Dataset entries
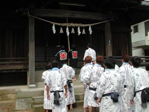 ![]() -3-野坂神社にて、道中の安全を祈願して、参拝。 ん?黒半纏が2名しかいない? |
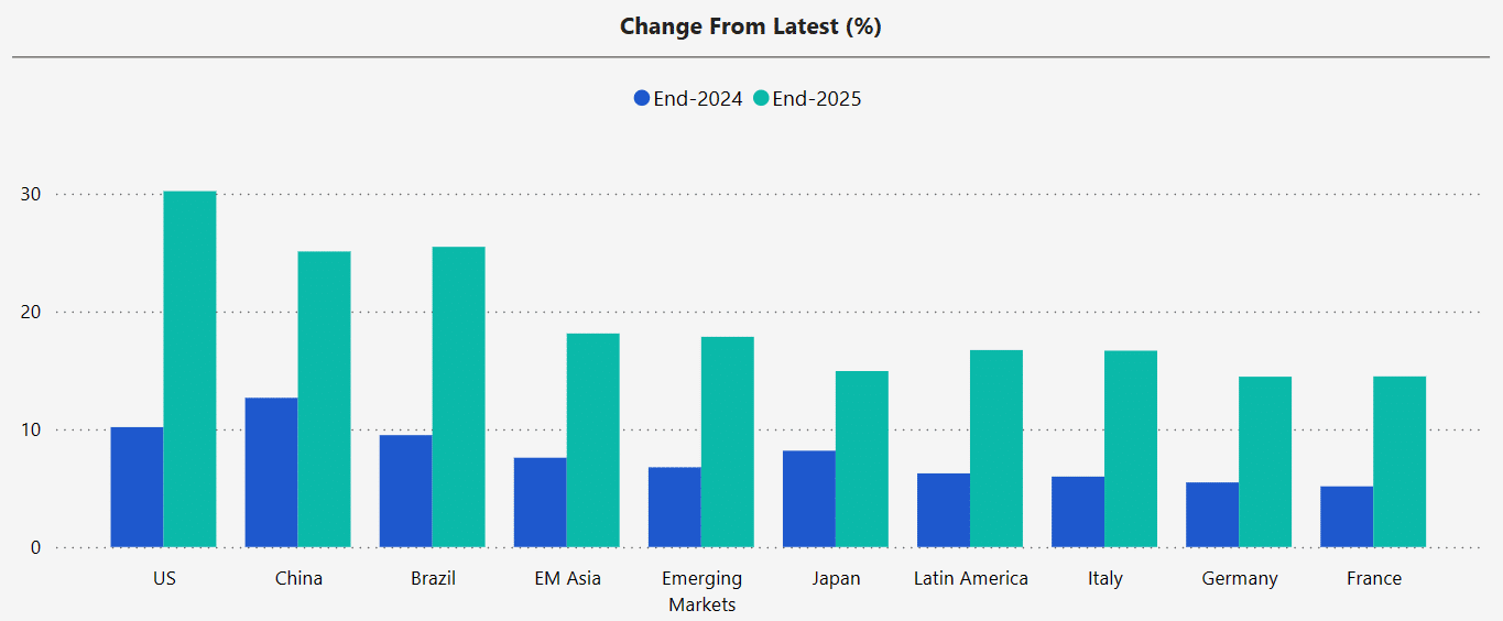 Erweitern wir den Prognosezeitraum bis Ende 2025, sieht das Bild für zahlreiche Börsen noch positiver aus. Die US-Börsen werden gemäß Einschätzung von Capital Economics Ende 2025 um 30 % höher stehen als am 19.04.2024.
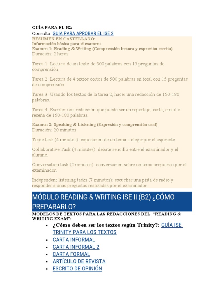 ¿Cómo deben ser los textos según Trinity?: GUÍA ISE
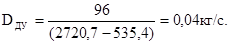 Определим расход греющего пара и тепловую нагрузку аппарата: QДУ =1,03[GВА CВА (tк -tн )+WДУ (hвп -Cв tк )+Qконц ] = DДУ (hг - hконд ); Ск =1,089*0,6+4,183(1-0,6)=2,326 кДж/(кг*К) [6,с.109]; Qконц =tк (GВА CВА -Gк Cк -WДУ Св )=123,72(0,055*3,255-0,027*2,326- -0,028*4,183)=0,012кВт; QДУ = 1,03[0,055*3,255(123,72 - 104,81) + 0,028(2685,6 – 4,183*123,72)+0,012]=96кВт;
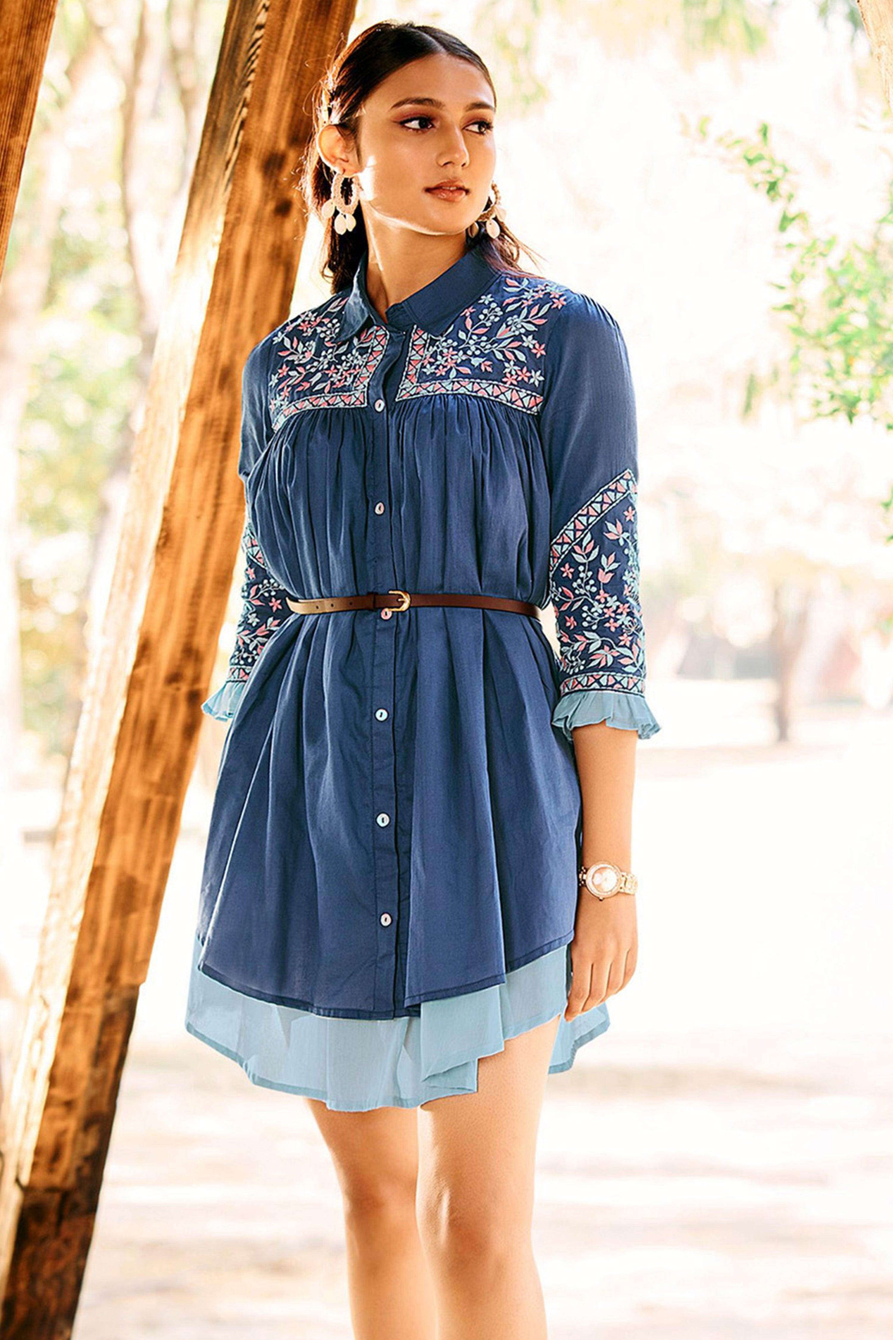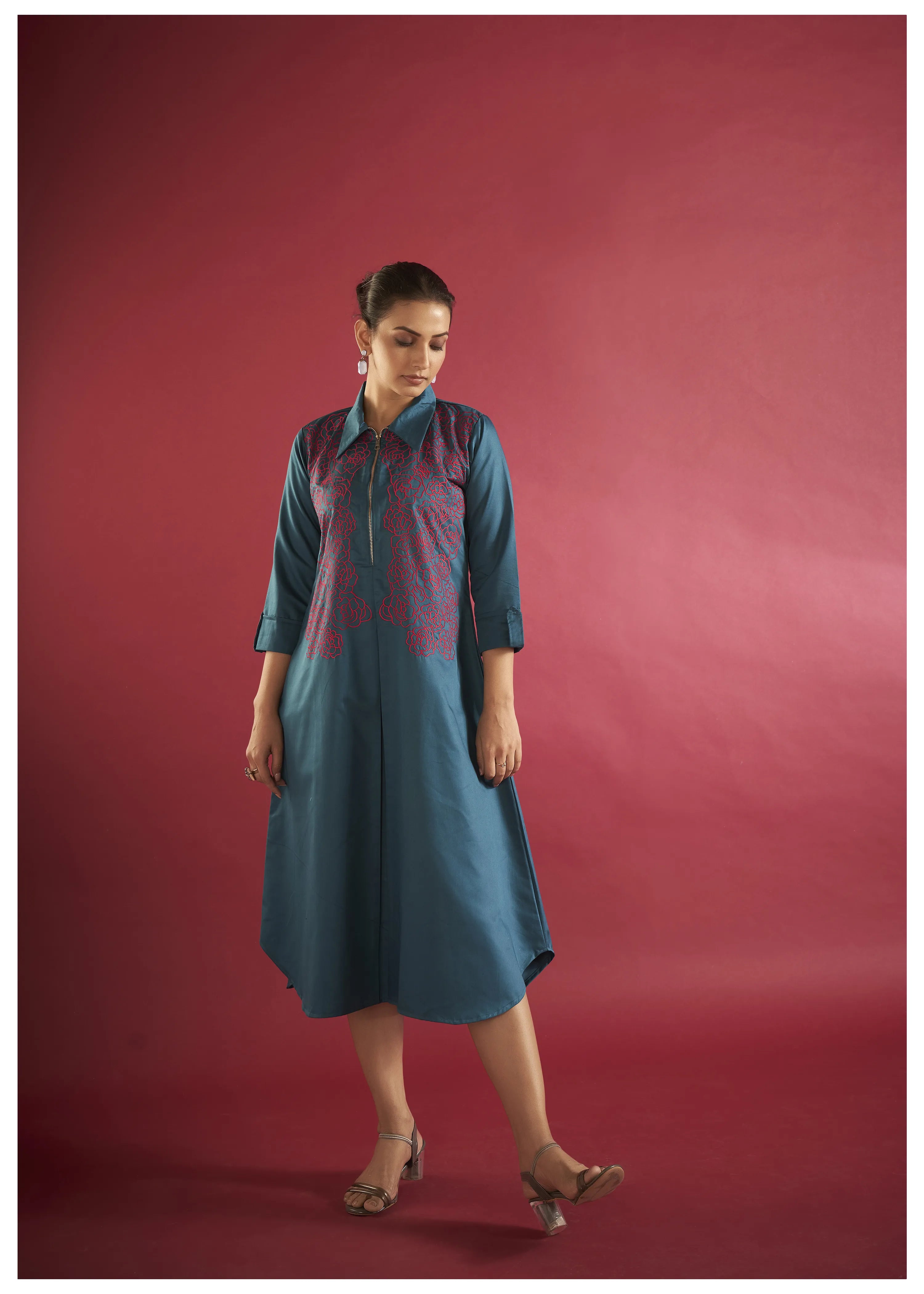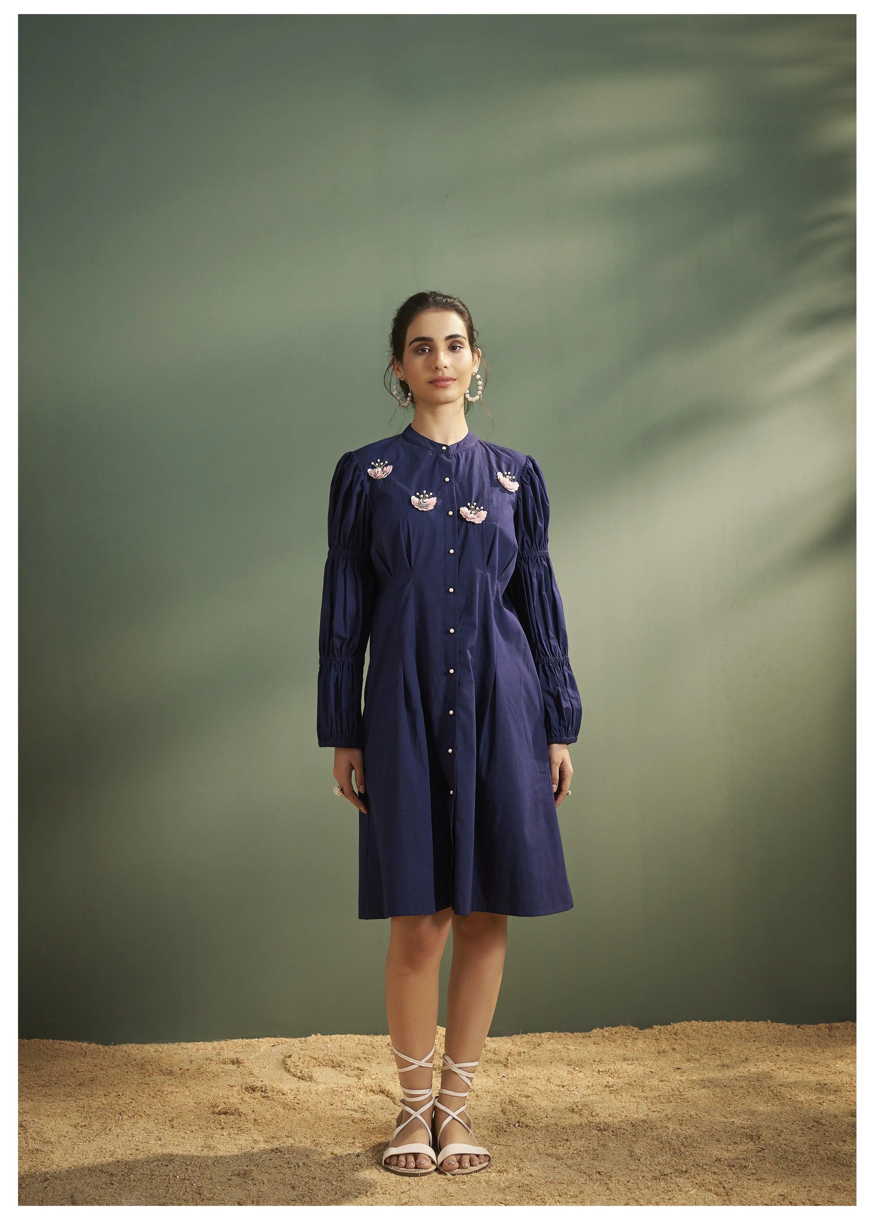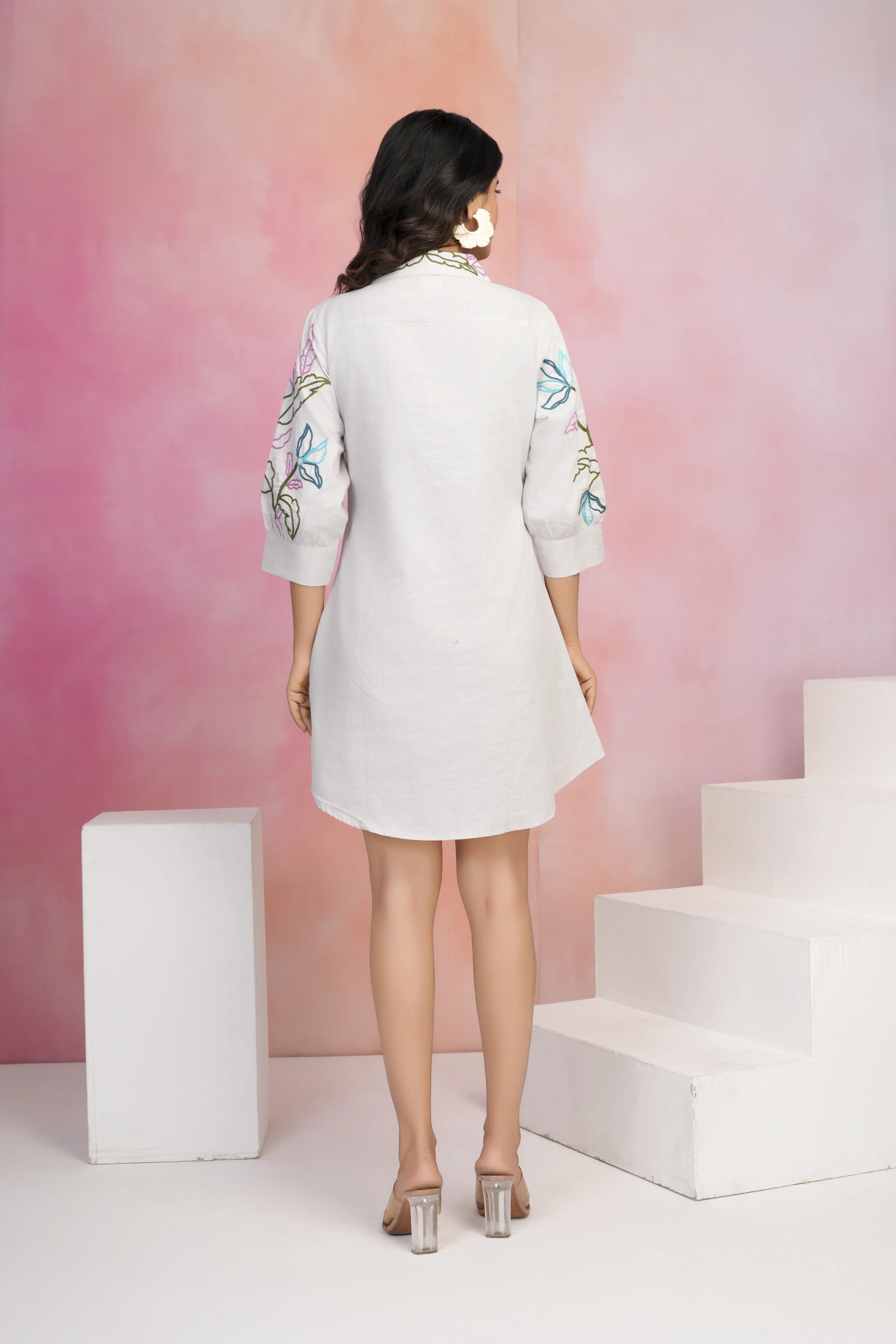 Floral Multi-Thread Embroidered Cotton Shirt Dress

REQUIRED ACTION:
Repeat each line word for word, from the one with "Trinity?: GUÍA ISE" down to the last line of the data, and keep the pictures out of it.

RESPONSE FOR THIS EXERCISE:
 ¿Cómo deben ser los textos según Trinity?: GUÍA ISE
 Определим расход греющего пара и тепловую нагрузку аппарата: QДУ =1,03[GВА CВА (tк -tн )+WДУ (hвп -Cв tк )+Qконц ] = DДУ (hг - hконд ); Ск =1,089*0,6+4,183(1-0,6)=2,326 кДж/(кг*К) [6,с.109]; Qконц =tк (GВА CВА -Gк Cк -WДУ Св )=123,72(0,055*3,255-0,027*2,326- -0,028*4,183)=0,012кВт; QДУ = 1,03[0,055*3,255(123,72 - 104,81) + 0,028(2685,6 – 4,183*123,72)+0,012]=96кВт;
 Floral Multi-Thread Embroidered Cotton Shirt Dress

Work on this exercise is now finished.